Zechariah 9:9-10; Romans 8:9,11-13; Psalm 145; Matthew 11:25-30
In our Gospel reading from St. Matthew, Our Lord says, “Come to me, all you who are weary and find life burdensome, and I will refresh you. Take my yoke upon your shoulders and learn from me, for I am gentle and humble of heart. Your souls will find rest, for my yoke is easy and my burden light.” A yoke is not something we see much anymore, but through the ages they have been common for both animals and people. A yoke placed over the shoulders enables one to carry heavier loads than with the hands and arms alone. An easy yoke is one that is well fitted to the person and actually makes the job less difficult. An ill fitting yoke can cause injury and pain. Our Lord says that his yoke is easy and his burden light, but he doesn’t say it is not a yoke and a burden. The Orthodox Study Bible says that Jesus’ yoke is submission to the kingdom of God, and it is easy because through this yoke the power of God works in us. This yoke is not accepted without consequence on our lives. When we agree, in our Baptism and Chrismation, to take up the work of the Church, the work of Christ, we agree to accept the yoke and the burden. St. Paul writes of this in his letter to the Church at Rome, “But you are not in the flesh; you are in the Spirit, since the Spirit of God dwells in you. Anyone who does not have the Spirit of Christ does not belong to him…So then,…we are debtors, not to the flesh – for if you live according to the flesh you will die; but if by the Spirit you put to death the evil deeds of the body, you will live.” When St. Paul uses the word “flesh”, he is referring to our unredeemed state, not to our bodies. When we put on the yoke and burden of Christ we vow to live by the Spirit, not by the unredeemed flesh.
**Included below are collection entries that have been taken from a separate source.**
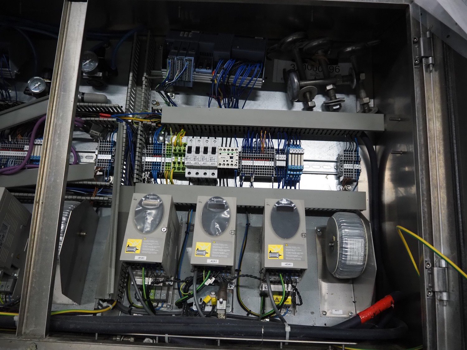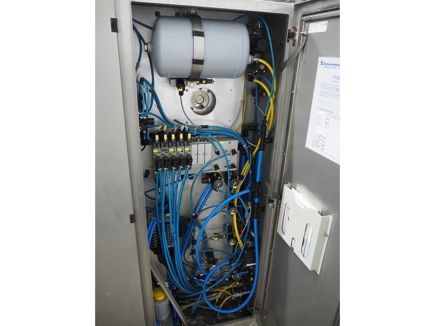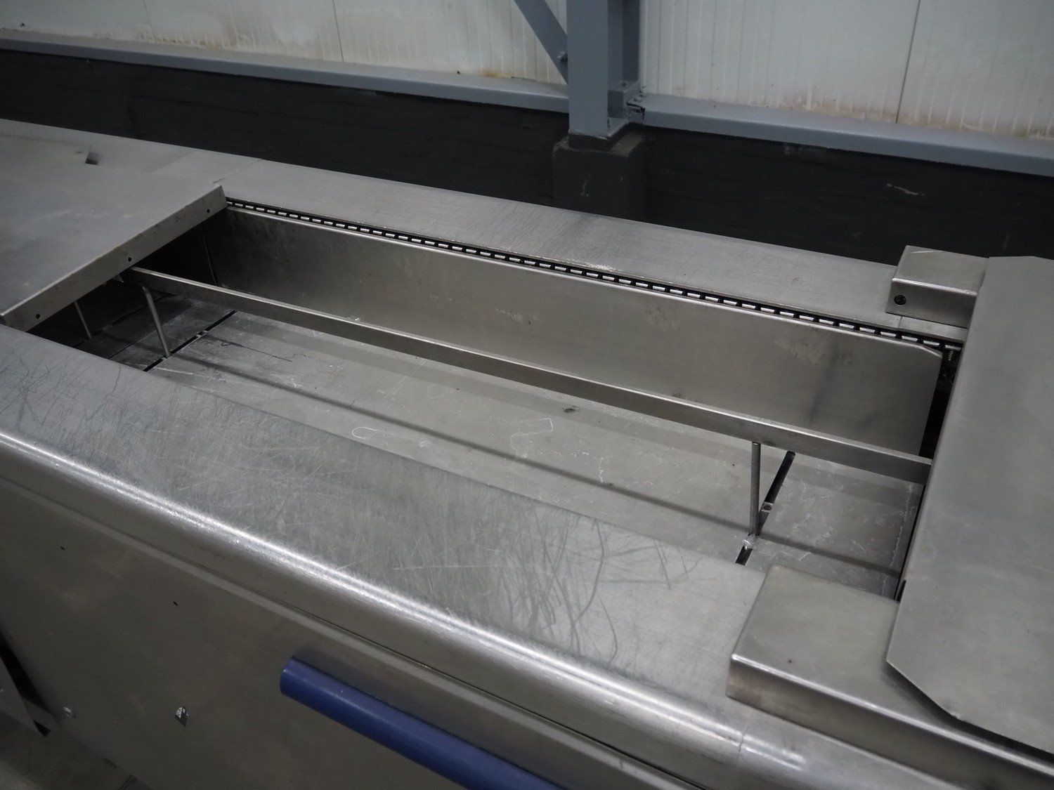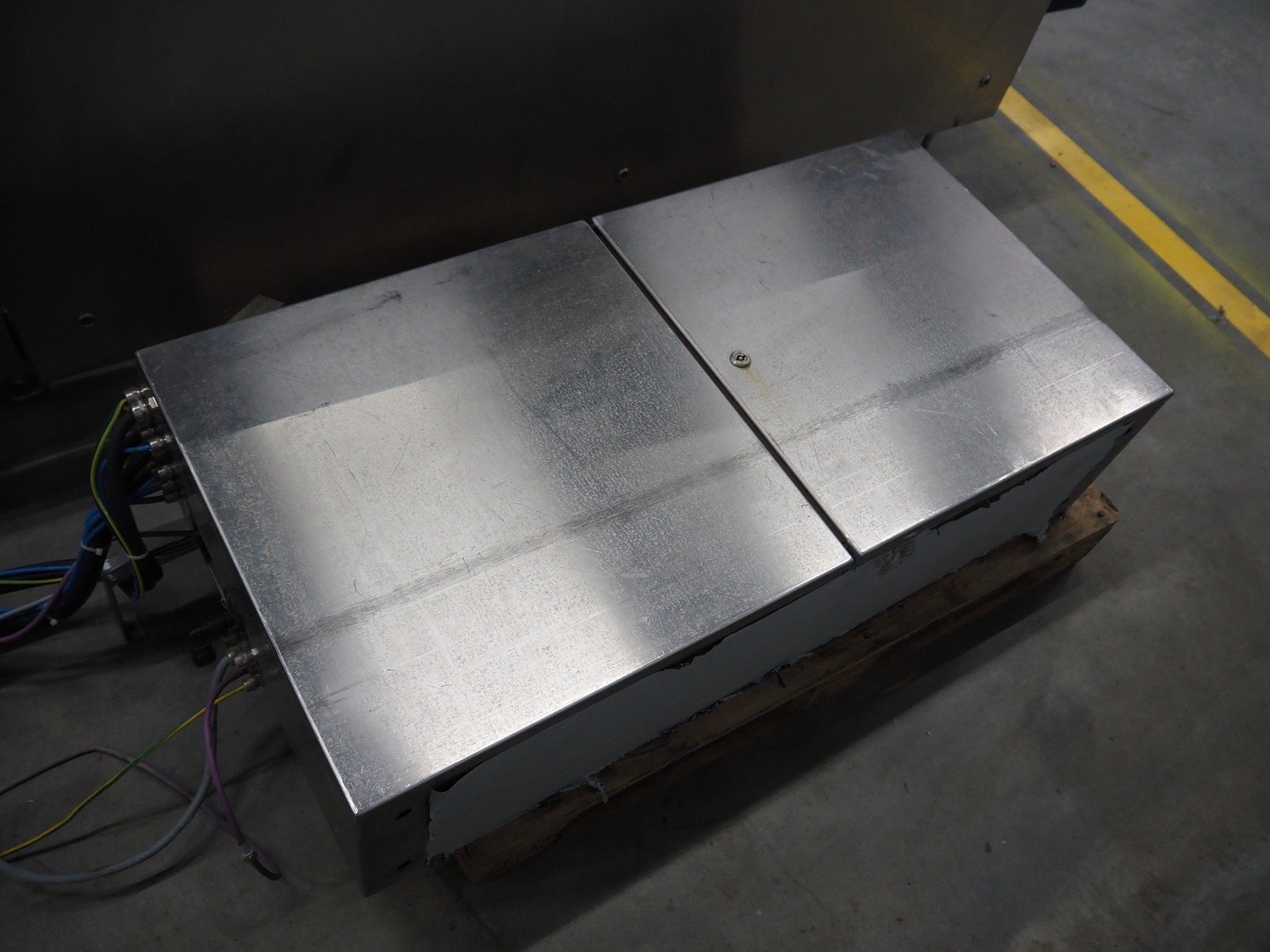 CFS thermoformer, type: EVOLUTION, serial number: 4046100391, year of construction: 2008, 400 V, 3 Ph, 50 Hz, 20 A, 10 kW, film width: 350 mm, dyes: (4x) 300 mm x 90 mm, index: 470 mm, belt width: 430 mm, label width: 85 mm, plastic belt, belt width: 420 mm, total dimensions: 13400 mm x 1300 mm x 2160 mm. Including 5 pallets with machine parts, among others: dyes: (8x) 200 mm x 65 mm, (3x) 255 mm x 130 mm. Transport rollies not included. Kavel locatie: Schouwrooij 29, 5281 RE Boxtel, Nederland
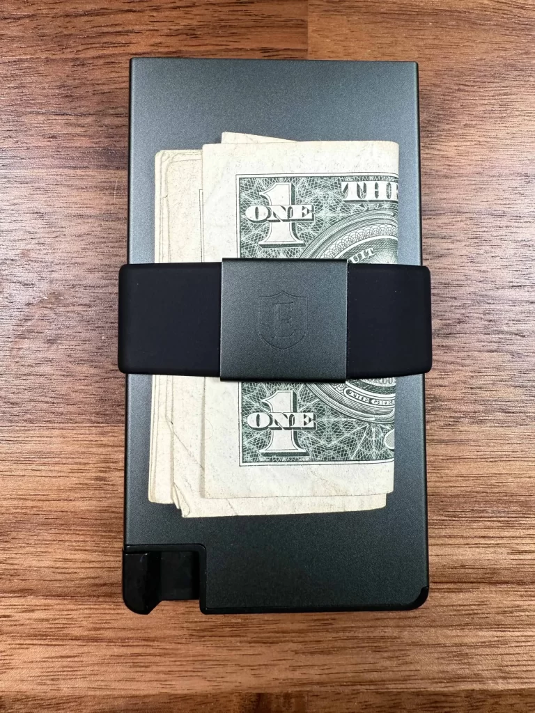 I didn’t even bother. Same single-slot design as the Ridge means the same impossible one-handed access. You’re fumbling with the whole stack, cards are sliding everywhere, and that money clip is now poking your hand while you try.
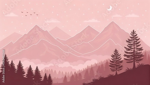 Faint Mountain Line On Dusty Pink Background, Simple Vector Style, Ai Generated
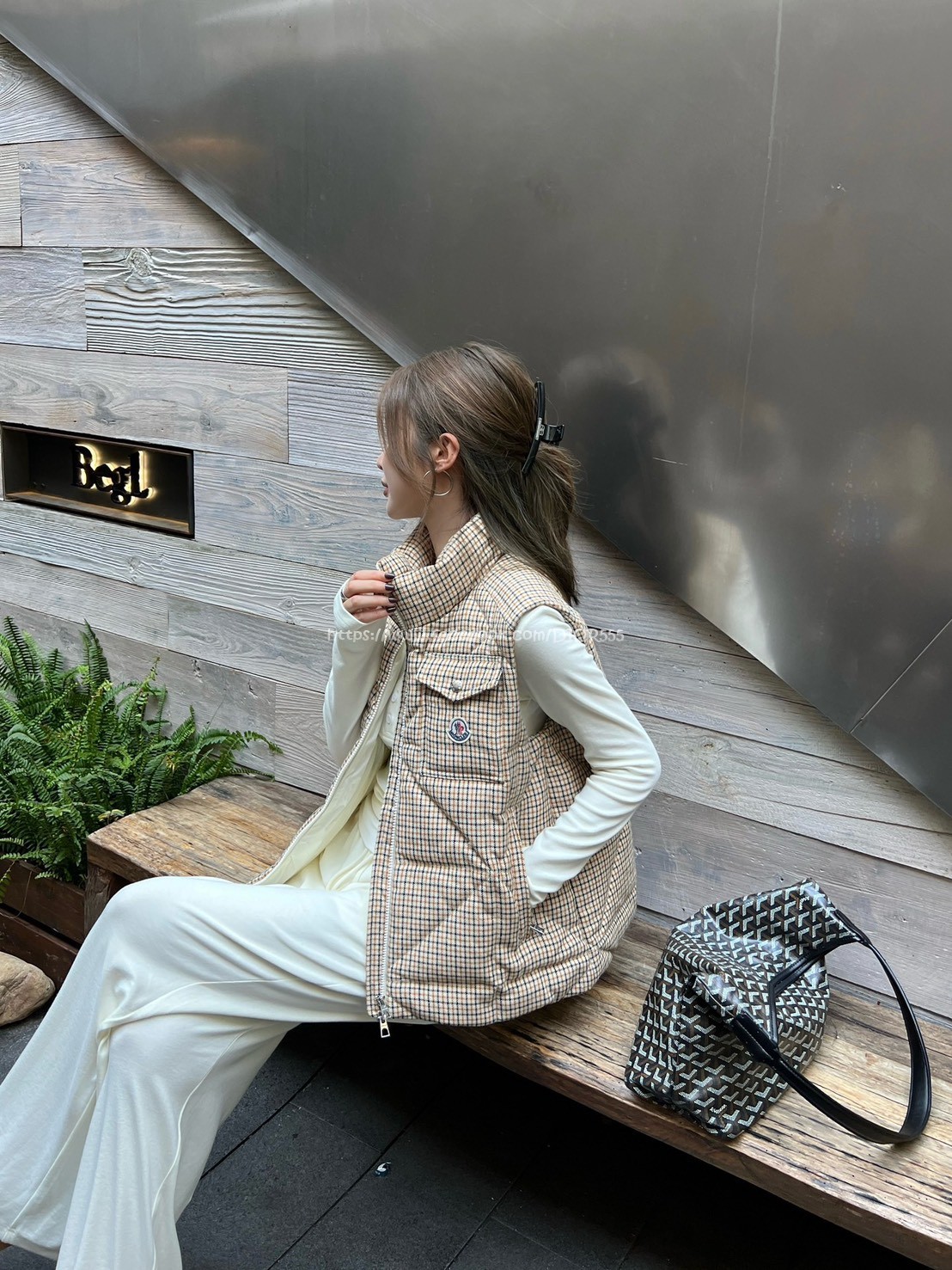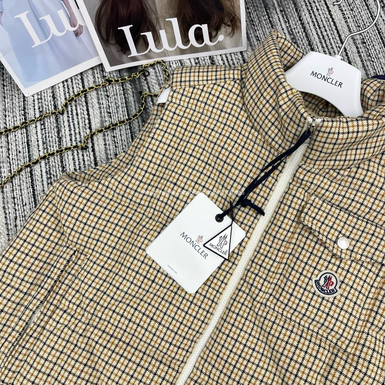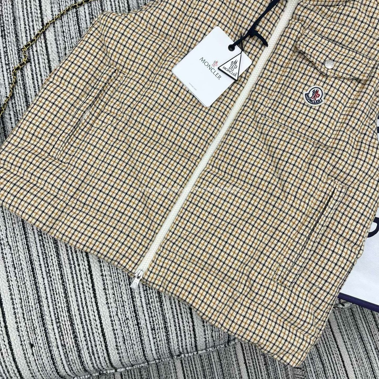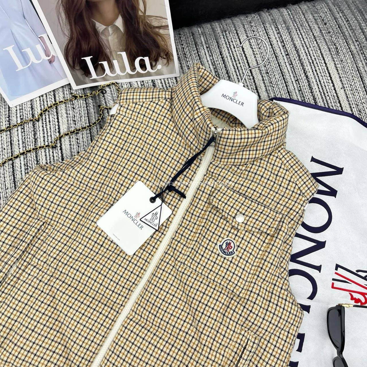 moncler 千鳥格立領羽絨背心

What this means, in our day to day life, is that every decision, choice, action, reaction, word and thought should be made according to the Spirit of Christ who lives in us. Notice I said “should”, we will fail at this, and when we do, if we are paying attention, we will begin to feel the yoke chafing a bit, because we are no longer fitted for it, and we need to repent and start again. Christ’s yoke is easy and his burden light only when we keep ourselves in condition for them, when we lose our way and wander from the path, they can become intolerable.
Our Lord says that he is “gentle and humble of heart”, the word gentle is literally translated as meek, as in “Blessed are the meek, for they will inherit the earth”. This is what the Orthodox Study Bible says about meekness, “The meek are God-controlled and have mastery over their passions, especially anger. Meekness is not passive weakness, but strength directed and under control.” I don’t know about you, but I want to be that person! And that is what Christ is telling us, “Take my yoke upon your shoulders and learn from me, for I am meek and humble of heart”. It is when we are meek that the yoke and burden are easy and light. How do we become meek? As long as we live according to the flesh, we cannot, and even if we live according to the flesh only once in a while it is still very difficult. Meekness comes from living in the Spirit, trusting God in all things, and letting go of the things that still tie us to our unredeemed passions: Pride, ego, expectations, ambition, greed, control, hope or happiness founded on anything other than God, acceptance of the world’s standards or ideals, and most of all, wanting our own way. This is hard to do in a world that does see meekness as weakness, and trusting God as folly. But remember, Jesus said, “Father, what you have hidden from the learned and the clever you have revealed to the merest children”. If the world, or our own families, believe that we are fools for following Christ, we are at least in good company.
It seems paradoxical that Jesus says to those who are weary and find life burdensome, “Come to me, take my yoke, take my burden”. How will this refresh us? We are refreshed by Jesus’ yoke because it is the right yoke, the right burden, the one we were created to carry. The ones we usually carry are ones we have made ourselves, often in defiance of God, or ignorance of God. We often hear of people carrying the weight of the world on their shoulders, and I am sure we have all felt like that at times. But that is not our burden, that is God’s responsibility. We often feel burdened by the sin, violence, war and suffering that goes on in the world, and I am not saying we should not pray for all who are in pain or want, but that burden is also not ours, it is the burden Christ took to the Cross. It is restful and refreshing to give these burdens into the proper hands and take up our own, made for us, to serve not only our salvation, but also the building up of the Kingdom of God.
Joyfully shouldering the yoke of Jesus, living in the Spirit, learning meekness and humility from Christ, is the best way to witness to the world our faith, our love and our hope in Christ.